Bagi pengguna Rubu (al-Rubu al-Mujayyab), cara yang
digunakan meskipun tidak dapat menghilangkan sama sekali metode
perkiraan, akan tetapi dapat memberikan jaminan yang lebih akurat

dan terukur, mengingat ketinggian hilal bisa di ukur dengan derajat


dan pecahannya secara lebih baik.
Di era pertengahan tahun 1970 an Badan Hisab Rukyat
Departemen Agama waktu itu mengembangkan alat bantu rukyat
sederhana berupa Gawang Lokasi yang diberi nama BEKTAN.
Gawang lokasi ini terbuat dari batangan besi berongga yang
dirancang dengan bentuk dua batang sejajar berjarak kira2 setengah
meter dan bagian atas dihubungkan dengan batang besi lainnya
dengan cara pengelasan. Gambarnya seperti berikut:

Penggunaan gawang lokasi harus terlebih dahulu dipersiapkan


segala sesuatunya agar saat pembidikan hilal ukuran-ukurannya telah
sesuai dengan data yang telah diperhitungkan sebelumnya. Persiapan
yang diperlukan adalah:
- Pengukuran arah mata angin sekaligus menandainya dengan cat
- Penempatan Gawang Lokasi dan tongkat pembidikannya
- Pengukuran koordinat lokasi (Lintang dan Garis Bujurnya)

Era

berikutnya, pelaksanaan rukyatul hilal menggunakan

peralatan yang makin beragam dan mengikuti perkembangan teknologi


yang bisa dimanfaatkan untuk rukyat. Peralatan yang digunakan a.l:
- GPS (Global Positioning System) untuk mengukur Lintang
dan Bujur lokasi secara lebih akurat.
- Teodolit; alat untuk mengukur ketinggian benda langit
sekaligus posisi azimuthnya secara presisi.
- Teropong/teleskop yang dilengkapi peralatan otomatis yang
bisa melakukan pembidikan benda langit (mis. Bulan) dan
tracking bergerak mengikuti gerak bulan tersebut hingga
menuju ufuk.
- Kamera untuk mengabadikan objek hilal.
- Komputer sebagai penyedia data dan untuk pemrosesan citra
hilal yang tertangkap oleh kamera dan selanjutnya siap
dicetak.
Teodolit dan perangkat pendukungnya ini, kini setia menemani
tim perukyat Kementerian Agama baik pusat maupun Daerah serta
masyarakat luas yang gemar melakukan pengamatan benda langit baik
untuk kepentingan ibadah, penelitian atau sekedar hobi.
Penggunaan alat modern seperti ini dengan data valid dan
model perhitungan yang lebih presisi lebih memberi jaminan akan
ketepatan pembidikan posisi hilal baik menyangkut posisi maupun waktu
nyata (real time) dimana hilal sedang bergerak menuju ufuk

D. PENUTUP
Demikian sekilas tentang Metode dan Praktek Rukyatul Hilal
yang harus dilakukan dengan professional.
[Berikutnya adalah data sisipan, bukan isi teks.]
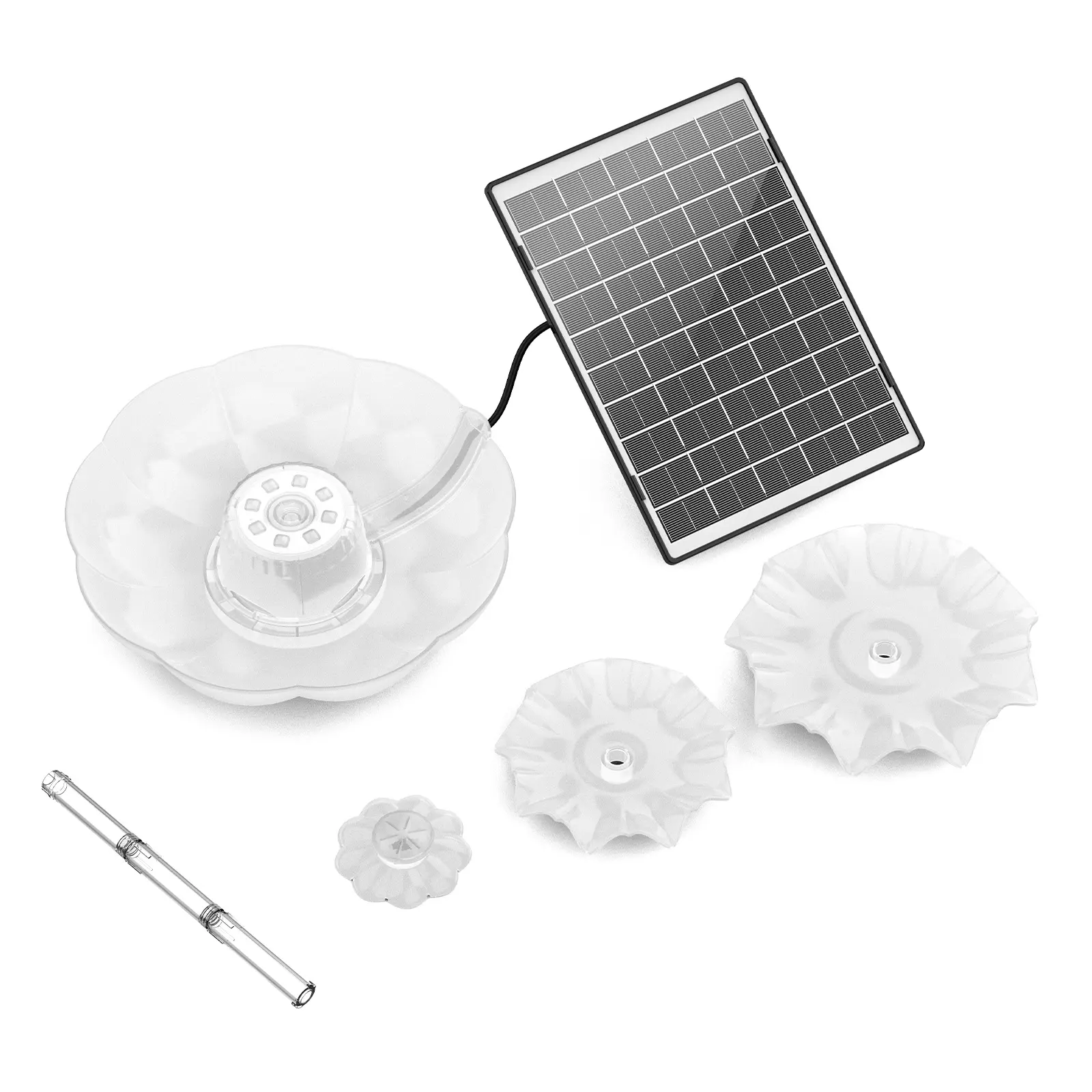 ·【Environmentally friendly energy】The efficient 6.5W solar fountain starts working quickly on sunny days. Built-in battery, automatically stores solar energy. This truly white solar water pump makes full use of solar energy and is very environmentally friendly.

Sebab tanpa profesionalitas
yang memadai, pengamat bisa terkecoh oleh objek lain yang mirip hilal
yang sesungguhnya bukan hilal, lalu siap atau bahkan minta untuk
disumpah. Inilah yang

harus diperhatikan oleh setiap perukyat agar

sangat berhati-hati dan yakin betul bahwa objek yang ditemukan adalah
benar-benar hilal.
Kesaksian perukyat ini bisa direview secara ilmiah, dimana letak
ketinggian dan azimuth hilal yang diakui terlihat oleh perukyat bisa
diverifikasi secara cermat melalui perhitungan dan penelitian. Apakah
posisi tampak hilal, arah selatan, utara atau tepat diatas matahari
terbenam yang dilihat oleh perukyat tepat atau tidak, juga bentuk hilal
yang teramati apakah telentang, miring ke selatan atau keutara, serta
waktu saat perukyat melihat hilal. Semuanya bisa direka ulang dan
dievaluasi secara ilmiah. Wallahu alam.